Where is the D deep learning library?

jmh530 via Digitalmars-d digitalmars-d at puremagic.com
Mon Jun 27 20:29:46 PDT 2016


On Monday, 27 June 2016 at 22:17:55 UTC, Martin Nowak wrote:
> On 06/27/2016 08:13 PM, Guillaume Piolat wrote:
>> Not yet, but it could be useful for new types of audio effects 
>> and specific tasks like voiced/unvoiced detection.
>
> There are many simpler solutions for that than using machine 
> learning.
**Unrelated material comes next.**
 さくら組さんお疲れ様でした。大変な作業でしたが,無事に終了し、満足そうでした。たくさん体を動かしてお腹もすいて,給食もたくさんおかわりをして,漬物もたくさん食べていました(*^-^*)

Writing a simple neural network with backpropagation 
> is fairly trivial, if you had that in mind to emulate existing 
> audio effects, not sure if it works well though.

I could probably write a simple backpropogation one, but I would 
probably screw something up if I wrote my own convolutional 
neural network.

My suggestion is that anyone interested in deep learning might 
want to break it up into some more manageable projects.
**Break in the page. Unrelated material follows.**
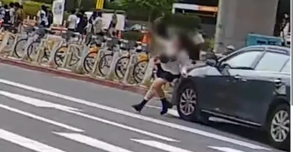 行人急沖險遭撞 「凌波微步」若無其事繼續跑

For instance, one of the features of TensorFlow is 
auto-differentiation. This means that you can provide it 
arbitrary functions and it will calculate the gradients for you 
exactly instead of relying on numerical estimates. autodiff 
involves building an AST for a function and then walking it to 
generate the gradient. A D autodiff library would probably be 
easier to write than a comparable one in other languages since it 
could take advantage of all the compile time functionality.

Alternately, TensorFlow also works well with heterogeneous 
systems, so any work that improves D's capabilities with 
OpenCL/CUDA or MPI would be something that might make it easier 
to develop a D Deep Learning library.